I like some of the more conventional prose sci-fi... The cyberpunk writers, for example, although I think Gibson's star seems to have faded a little... Neal Stephenson's pretty interesting - I like the Tower of Babel motif in 'Snow Crash', although I haven't yet read his newest one, Cryptonomicon. Going back a bit further, Philip K Dick had an enduring ability to tie people's neural networks up in knots. I swear I've never been quite the same since reading The Three Stigmata of Palmer Eldritch. Or whatever the damn thing was called...


Thank you, friend!

Post 6

PostMuse

Ah! I loved "Snow Crash"! I wanted my very own virtual reality Librarian. I wrote a whole paper on one scene where the hero (I can't remember his name) walks *through* a crowd of people, as if they were a fogbank. I haven't read any other cyberpunk because I haven't been motivated...but I think I just found motivation smiley - smiley


Thank you, friend!

Post 7

ZenMondo

Gibson was my last Favorite Author before I stopped having "favorite authors" I agree, I like the Sprawl stuff (Johnny Mnemonic (story NOT movie), Neuromancer, Count Zero, Mona Lisa Overdrive) better than the new series that began with Virtual Light. (But of course I am still buying them like they are going out of fashion -- oh wait, aren't they? Screw it. I love 'em)

The only Gibson novel I don't own is _The Difference Engine_ which he co-wrote with Bruce Sterling. I remember not liking about half of it. I was certain the parts I hated must have been written by Sterling. Now that I think on it, only one phrase did I really abhor. At one point the phrase "mounds of womanliness" or some such is in there. Ugh. But damn, the topic is fascinating. Especially since I was a HUGE Babbage fan before I read the novel, and consider Lady Ada Lovelace to be the patron saint (if not goddess!) of all coders.
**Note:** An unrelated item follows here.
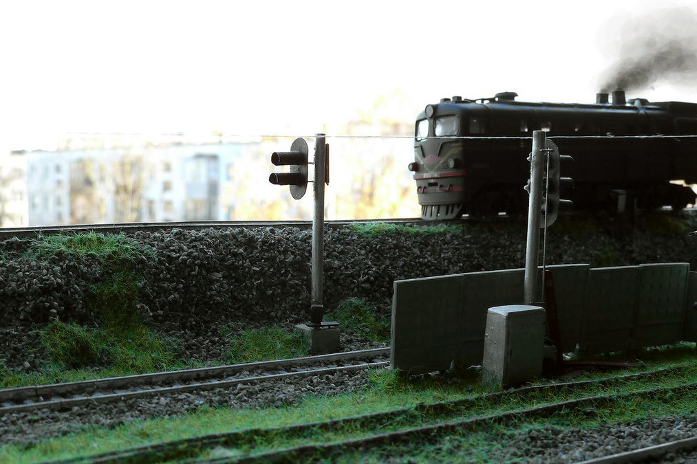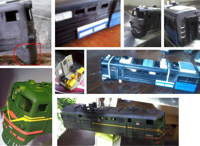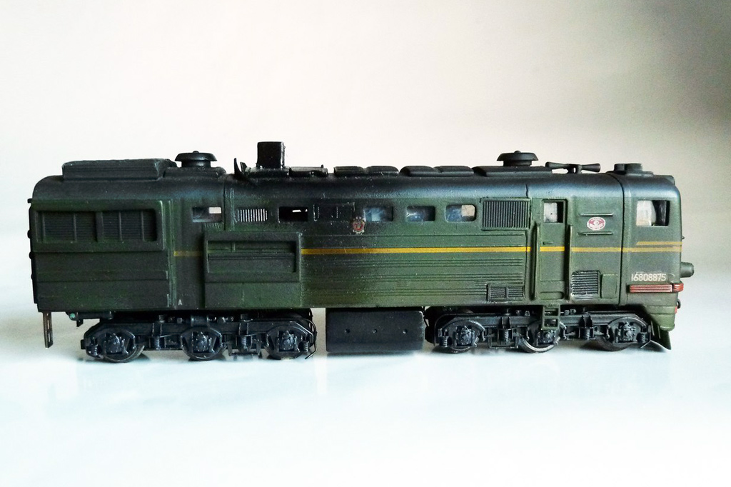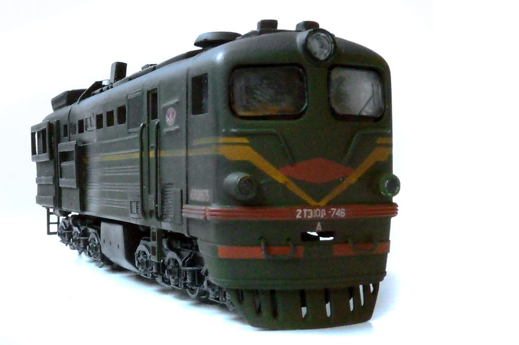 Разновидности: модель выполнена в единственном экземпляре Эпоха: IV Принадлежность: СЖД Фирма-производитель: Прийменко В. Год начала производства: 2013 Описание моделиМодель тепловоза 2ТЭ10Л-746 (одна секция) выполнена петербуржцем Вячеславом Прийменко. Это - первый опыт моделиста в изготовлении моделей подвижного состава. Использованы корпуса и ходовки серийных моделей тепловозов ТЭ3 и ТЭП10 производства фирмы "Пересвет"; отдельные детали выполнены самостоятельно с использованием миллимитрового ПВХ и проволоки. Представляет интерес оригинальная деталировка модели (маты для воздухозаборников, ступени и поручни, крышевое оборудование и пр.). Имеетися интерьер кабины машиниста, а также имитация дизеля. Установлено освещение. Другие модели тепловоза 2ТЭ10Л / ТЭП10Л: - от А.Ватаева; - от Дм.Попова ("ТТ-ТТ", малая серия); - от А.Ходакова; - от А.Шувикова; - от А.Зименкова; - от Д.Камушкина (малая серия). Описание прототипаГрузовой тепловоз серии 2ТЭ10Л был создан в 1961 г. на Луганском тепловозостроительном заводе как дальнейшее развитие тепловоза 2ТЭ10. Вместо кузовов несущей конструкции на нём были применены кузова с несущей рамой по принципу ТЭ3, с новой, характерной только для 21ТЭ10Л, формой кабины. Мощность дизелей составляла 2 х 3000 л.с.; проектная мощность локомотива составляла 1910 кВт, конструкционная скорость – 100 км/ч. Тепловозы 2ТЭ10Л изготавливались до 1977 г. включительно; за это время построено около трёх с половиной тысяч двухсекционных тепловозов этой серии. Их массовое списание началось в 1990-е гг., и сегодня 2ТЭ10Л остались на Российских железных дорогах в незначительном количестве. Тепловоз 2ТЭ10Л-2110 (настоящий номер 2100) экспонируется в музее Новосибирска; еще один 2ТЭ10Л-254 экспонируется в Ташкентском музее.

Snow Crash turns me on in a major way. The Diamond Age also rocks. I also have neglected Cryptonomican. We both should be whipped.


Thank you, friend!

Post 8

Lear (the Unready)


The problem with Cryptonomicon is that it's just so *huge*. At 900-odd pages, it rivals the Bible for digressionary extra-narrative detail. Can't these novelists show a little consideration for us time-poor Westerners, and be more economical with their prose...

But programmers etc seem to regard Stephenson as one of their own, in a way they perhaps would never have quite been able to do with Gibson, who I think was always writing from the 'outside' of technology more as a writer and observer of popular trends. Stephenson, I think, actually has a background in computer programming and so forth. At least, that's the impression I get from his webpage @ http://www.well.com/user/neal/cypherFAQ.html ... Not that I'm any kind of computer whizz myself, although if I don't regulate this h2g2 habit more carefully I might have to start leaning in that direction a little...
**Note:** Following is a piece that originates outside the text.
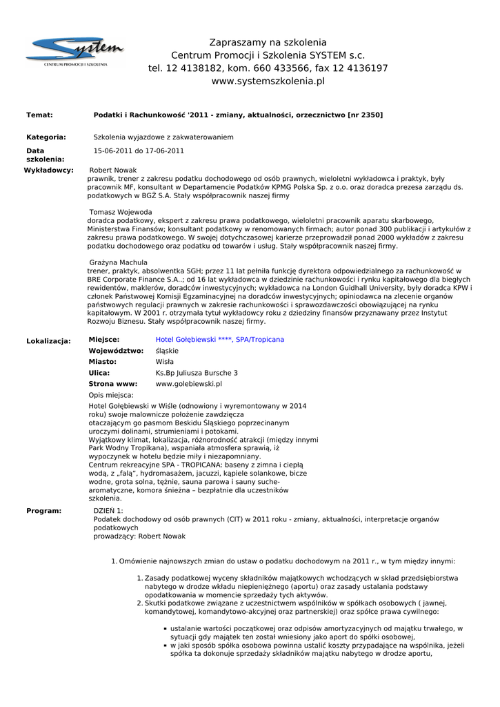 Zapraszamy na szkolenia Centrum Promocji i Szkolenia SYSTEM s.c. tel. 12 4138182, kom. 660 433566, fax 12 4136197 www.systemszkolenia.pl Temat: Podatki i Rachunkowość '2011 - zmiany, aktualności, orzecznictwo [nr 2350] Kategoria: Szkolenia wyjazdowe z zakwaterowaniem Data szkolenia: 15-06-2011 do 17-06-2011 Wykładowcy: Robert RobertNowak Nowak prawnik, prawnik,trener trenerzzzakresu zakresupodatku podatkudochodowego dochodowegood odosób osóbprawnych, prawnych,wieloletni wieloletniwykładowca wykładowcai ipraktyk, praktyk,były były pracownik pracownikMF, MF,konsultant konsultantwwDepartamencie DepartamenciePodatków PodatkówKPMG KPMGPolska PolskaSp. Sp.zzo.o. o.o.oraz orazdoradca doradcaprezesa prezesazarządu zarząduds. ds. podatkowych podatkowychwwBGŻ BGŻS.A. S.A.Stały Staływspółpracownik współpracowniknaszej naszejfirmy firmy Tomasz TomaszWojewoda Wojewoda doradca doradcapodatkowy, podatkowy,ekspert ekspertzzzakresu zakresuprawa prawapodatkowego, podatkowego,wieloletni wieloletnipracownik pracownikaparatu aparatuskarbowego, skarbowego, Ministerstwa MinisterstwaFinansów; Finansów;konsultant konsultantpodatkowy podatkowywwrenomowanych renomowanychfirmach; firmach;autor autorponad ponad300 300publikacji publikacjii iartykułów artykułówzz zakresu zakresuprawa prawapodatkowego. podatkowego.WWswojej swojejdotychczasowej dotychczasowejkarierze karierzeprzeprowadził przeprowadziłponad ponad2000 2000wykładów wykładówzzzakresu zakresu podatku podatkudochodowego dochodowegooraz orazpodatku podatkuod odtowarów towarówi iusług. usług.Stały Staływspółpracownik współpracowniknaszej naszejfirmy. firmy. Grażyna GrażynaMachula Machula trener, trener,praktyk, praktyk,absolwentka absolwentkaSGH; SGH;przez przez11 11lat latpełniła pełniłafunkcję funkcjędyrektora dyrektoraodpowiedzialnego odpowiedzialnegoza zarachunkowość rachunkowośćww BRE BRECorporate CorporateFinance FinanceS.A..; S.A..;od od16 16lat latwykładowca wykładowcawwdziedzinie dziedzinierachunkowości rachunkowościi irynku rynkukapitałowego kapitałowegodla dlabiegłych biegłych rewidentów, rewidentów,maklerów, maklerów,doradców doradcówinwestycyjnych; inwestycyjnych;wykładowca wykładowcana naLondon LondonGuidhall GuidhallUniversity, University,były byłydoradca doradcaKPW KPWi i członek członekPaństwowej PaństwowejKomisji KomisjiEgzaminacyjnej Egzaminacyjnejna nadoradców doradcówinwestycyjnych; inwestycyjnych;opiniodawca opiniodawcana nazlecenie zlecenieorganów organów państwowych państwowychregulacji regulacjiprawnych prawnychwwzakresie zakresierachunkowości rachunkowościi isprawozdawczości sprawozdawczościobowiązującej obowiązującejna narynku rynku kapitałowym. kapitałowym.WW2001 2001r.r.otrzymała otrzymałatytuł tytułwykładowcy wykładowcyroku rokuzzdziedziny dziedzinyfinansów finansówprzyznawany przyznawanyprzez przezInstytut Instytut Rozwoju RozwojuBiznesu. Biznesu.Stały Staływspółpracownik współpracowniknaszej naszejfirmy. firmy. Lokalizacja: Miejsce: Hotel Gołębiewski ****, SPA/Tropicana Miejsce: Hotel Gołębiewski ****, SPA/Tropicana Województwo: Województwo: śląskie śląskie Miasto: Wisła Miasto: Wisła Ulica: Ulica: Strona www: Strona www: Ks.Bp Juliusza Bursche 33 Ks.Bp Juliusza Bursche www.golebiewski.pl www.golebiewski.pl Opis miejsca: Opis miejsca: Hotel Gołębiewski ww Wiśle (odnowiony i wyremontowany ww 2014 Hotel Gołębiewski Wiśle (odnowiony i wyremontowany 2014 roku) swoje malownicze położenie zawdzięcza roku) swoje malownicze położenie zawdzięcza otaczającym gogo pasmom Beskidu Śląskiego poprzecinanym otaczającym pasmom Beskidu Śląskiego poprzecinanym uroczymi dolinami, strumieniami i potokami. uroczymi dolinami, strumieniami i potokami. Wyjątkowy klimat, lokalizacja, różnorodność atrakcji (między innymi Wyjątkowy klimat, lokalizacja, różnorodność atrakcji (między innymi Park Wodny Tropikana), wspaniała atmosfera sprawią, iż iż Park Wodny Tropikana), wspaniała atmosfera sprawią, wypoczynek ww hotelu będzie miły i niezapomniany. wypoczynek hotelu będzie miły i niezapomniany. Centrum rekreacyjne SPA - TROPICANA: baseny z zimna i ciepłą Centrum rekreacyjne SPA - TROPICANA: baseny z zimna i ciepłą wodą, z „falą”, hydromasażem, jacuzzi, kąpiele solankowe, bicze wodą, z „falą”, hydromasażem, jacuzzi, kąpiele solankowe, bicze wodne, grota solna, tężnie, sauna parowa i sauny suchewodne, grota solna, tężnie, sauna parowa i sauny suchearomatyczne, komora śnieżna – bezpłatnie dla uczestników aromatyczne, komora śnieżna – bezpłatnie dla uczestników szkolenia. szkolenia. Program: DZIEŃ 1: Podatek dochodowy od osób prawnych (CIT) w 2011 roku - zmiany, aktualności, interpretacje organów podatkowych prowadzący: Robert Nowak 1. Omówienie najnowszych zmian do ustaw o podatku dochodowym na 2011 r., w tym między innymi: 1. Zasady podatkowej wyceny składników majątkowych wchodzących w skład przedsiębiorstwa nabytego w drodze wkładu niepieniężnego (aportu) oraz zasady ustalania podstawy opodatkowania w momencie sprzedaży tych aktywów. 2. Skutki podatkowe związane z uczestnictwem wspólników w spółkach osobowych ( jawnej, komandytowej, komandytowo-akcyjnej oraz partnerskiej) oraz spółce prawa cywilnego: ustalanie wartości początkowej oraz odpisów amortyzacyjnych od majątku trwałego, w sytuacji gdy majątek ten został wniesiony jako aport do spółki osobowej, w jaki sposób spółka osobowa powinna ustalić koszty przypadające na wspólnika, jeżeli spółka ta dokonuje sprzedaży składników majątku nabytego w drodze aportu, zasady ustalania przychodu wspólnika spółki osobowej w przypadku wystąpienia wspólnika z takiej spółki oraz jej likwidacji, zasady ustalania przychodów oraz kosztów podatkowych, w przypadku odpłatnego zbycia składników majątkowych, otrzymanych od spółki osobowej w następstwie wystąpienia wspólnik

If memory serves, I think the hero / protagonist of Snow Crash goes by precisely that name - Hiro Protagonist. I can't remember that particular scene, Zmrzlina - which world was he in at the time, real or virtual? Perhaps it doesn't make much difference these days...

Lady Ada Lovelace seemed to get 'blocked out' (perhaps I should say 'bloked out', 'bloke' being English slang for 'male person') of the earlier accounts of the development of the Difference Engine, but now I think people have started to redress the balance a little... I have a literary background myself, so I confess I know her mainly just as 'Byron's wife', which is rather criminal especially bearing in mind that I'm no great admirer of Byron...


Thank you, friend!

Post 9

ZenMondo

Lady Ada is indeed the mother of programming. It was she who upon reading the theory behind the operation of Babbage's Analytical Engine conceptualized the conerstones of every programmer's repitoire.

These are:

* The conditional jump

* While Loop

* and one other that escapes my memory right now... maybe it was the idea of subroutines... oh well.